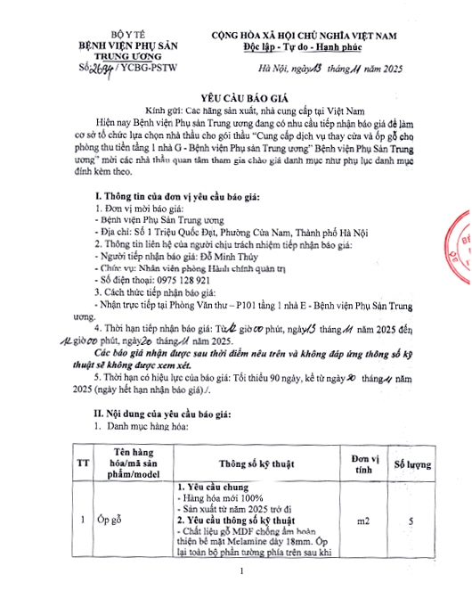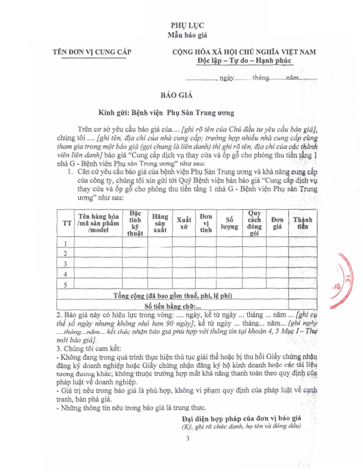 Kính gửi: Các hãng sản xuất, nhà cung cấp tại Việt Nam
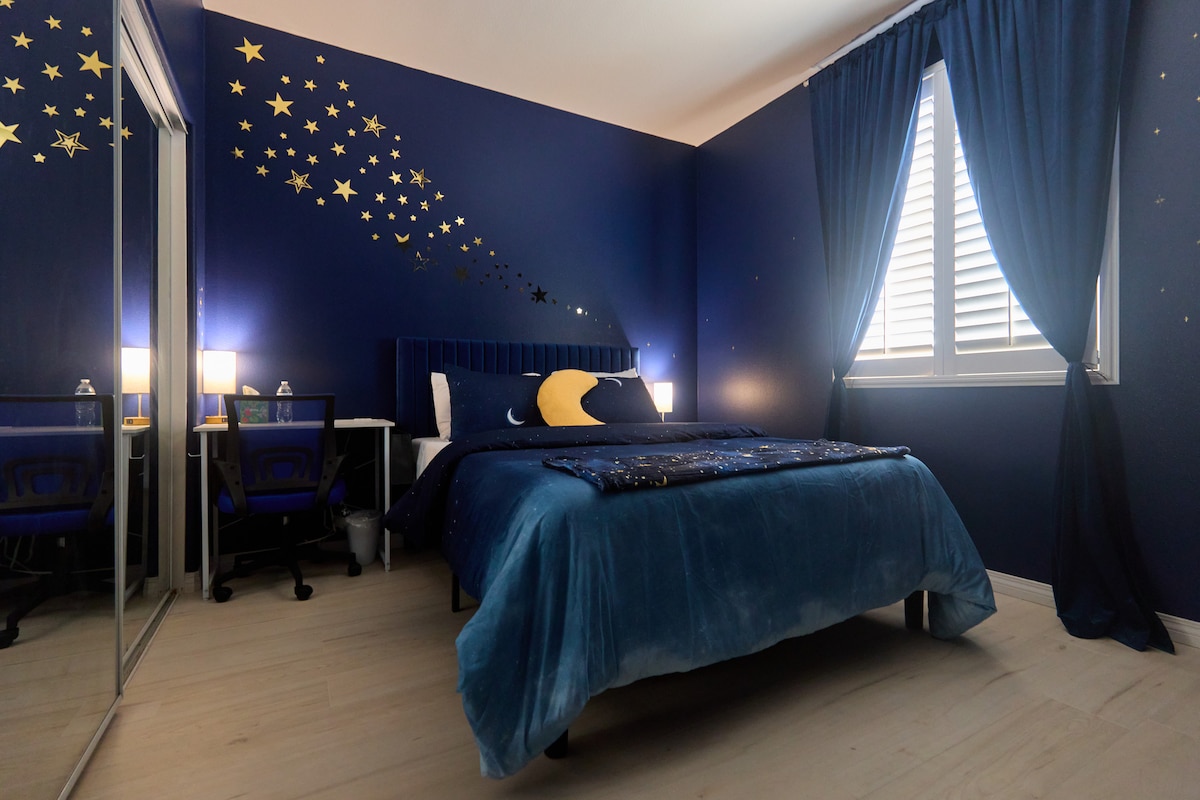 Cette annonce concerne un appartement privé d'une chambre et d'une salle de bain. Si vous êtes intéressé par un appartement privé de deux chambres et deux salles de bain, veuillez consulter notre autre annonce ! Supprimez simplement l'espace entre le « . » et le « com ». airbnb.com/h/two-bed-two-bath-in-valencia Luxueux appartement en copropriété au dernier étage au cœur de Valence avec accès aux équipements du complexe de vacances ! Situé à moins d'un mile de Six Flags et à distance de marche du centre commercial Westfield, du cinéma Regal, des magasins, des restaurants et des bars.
________
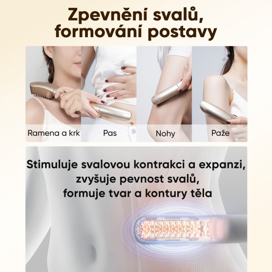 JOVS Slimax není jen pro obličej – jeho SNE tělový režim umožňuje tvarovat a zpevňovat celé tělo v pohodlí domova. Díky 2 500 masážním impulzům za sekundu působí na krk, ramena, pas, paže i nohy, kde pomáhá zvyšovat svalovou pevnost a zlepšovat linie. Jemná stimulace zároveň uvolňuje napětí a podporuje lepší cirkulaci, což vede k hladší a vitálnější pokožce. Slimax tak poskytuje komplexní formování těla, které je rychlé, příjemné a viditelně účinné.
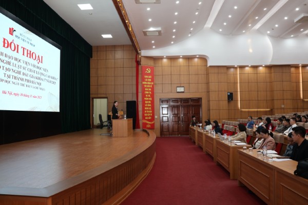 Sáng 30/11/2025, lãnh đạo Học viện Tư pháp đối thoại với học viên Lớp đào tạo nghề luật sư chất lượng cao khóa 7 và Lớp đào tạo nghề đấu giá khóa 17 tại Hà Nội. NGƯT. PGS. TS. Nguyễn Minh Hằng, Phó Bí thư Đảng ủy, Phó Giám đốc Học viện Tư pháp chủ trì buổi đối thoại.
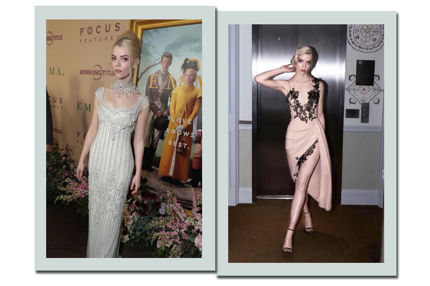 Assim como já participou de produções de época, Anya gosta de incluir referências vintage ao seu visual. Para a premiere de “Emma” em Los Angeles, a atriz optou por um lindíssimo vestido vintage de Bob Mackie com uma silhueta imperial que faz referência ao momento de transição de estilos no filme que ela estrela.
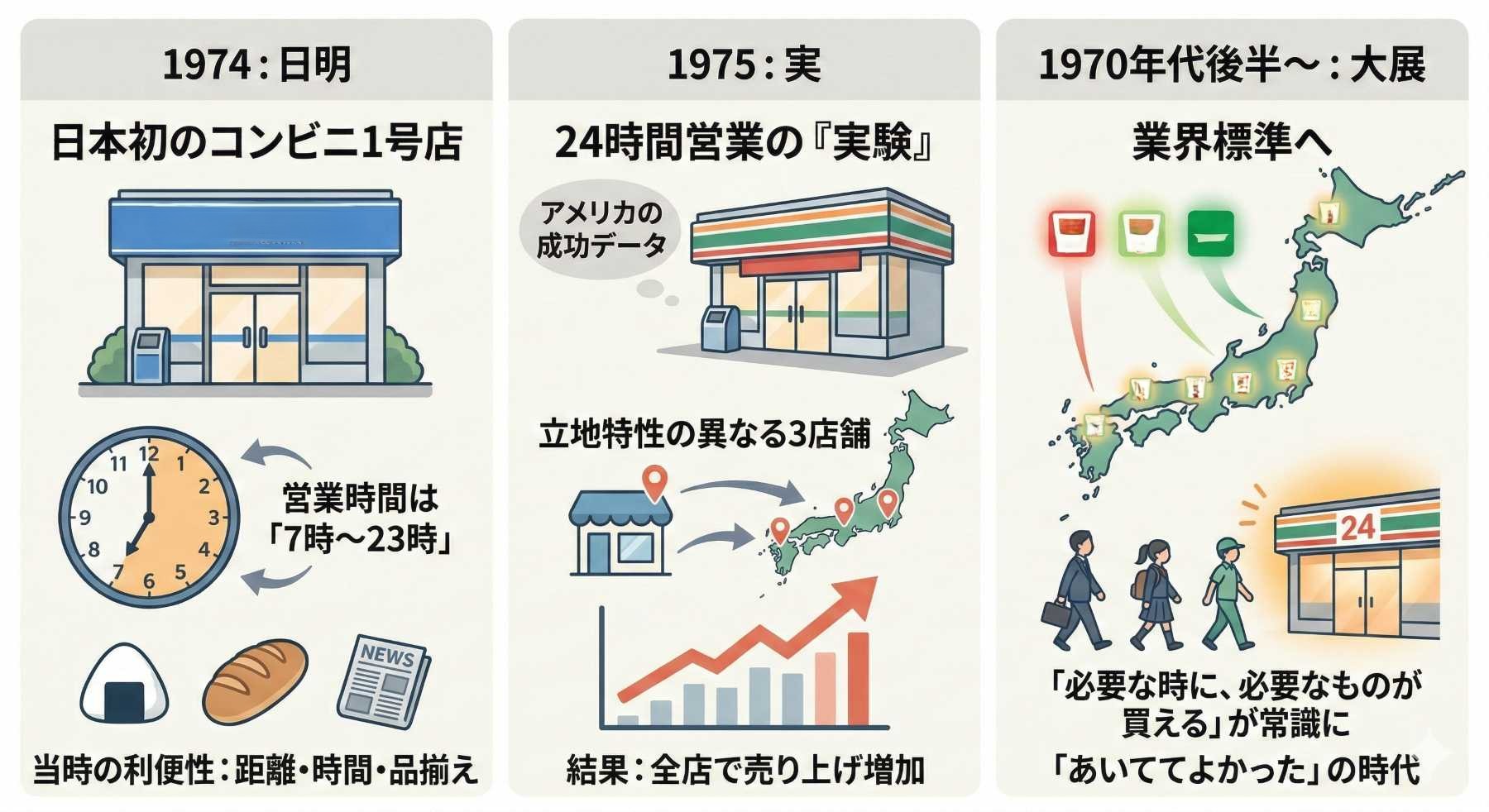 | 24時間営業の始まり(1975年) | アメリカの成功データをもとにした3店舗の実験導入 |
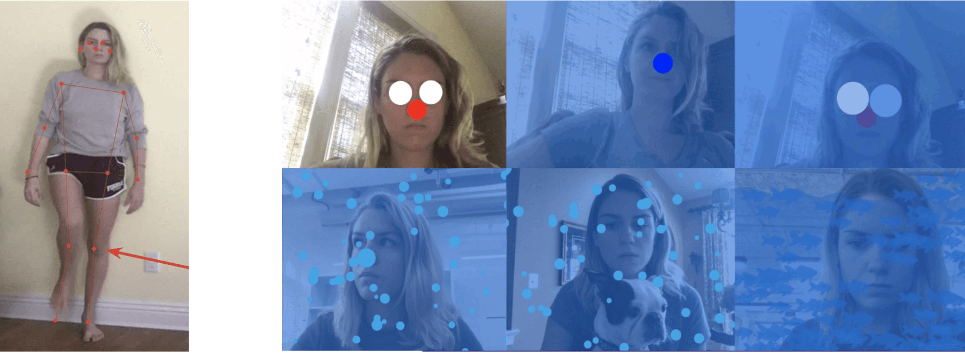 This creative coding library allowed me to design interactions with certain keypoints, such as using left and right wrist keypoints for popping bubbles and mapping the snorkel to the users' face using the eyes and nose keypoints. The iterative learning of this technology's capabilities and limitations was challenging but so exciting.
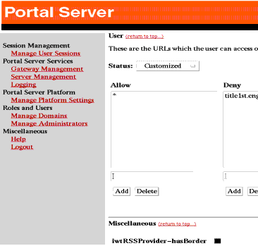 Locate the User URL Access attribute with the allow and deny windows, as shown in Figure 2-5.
________
» **TRY IT**
Write back the stretch of lines above that begins with the line holding "Kính gửi: Các" and ends with the line holding "Cette annonce concerne", both included, exactly as written. Pictures stay out.

» **OUTPUT FOR THIS EXERCISE**
 Kính gửi: Các hãng sản xuất, nhà cung cấp tại Việt Nam
 Cette annonce concerne un appartement privé d'une chambre et d'une salle de bain. Si vous êtes intéressé par un appartement privé de deux chambres et deux salles de bain, veuillez consulter notre autre annonce ! Supprimez simplement l'espace entre le « . » et le « com ». airbnb.com/h/two-bed-two-bath-in-valencia Luxueux appartement en copropriété au dernier étage au cœur de Valence avec accès aux équipements du complexe de vacances ! Situé à moins d'un mile de Six Flags et à distance de marche du centre commercial Westfield, du cinéma Regal, des magasins, des restaurants et des bars.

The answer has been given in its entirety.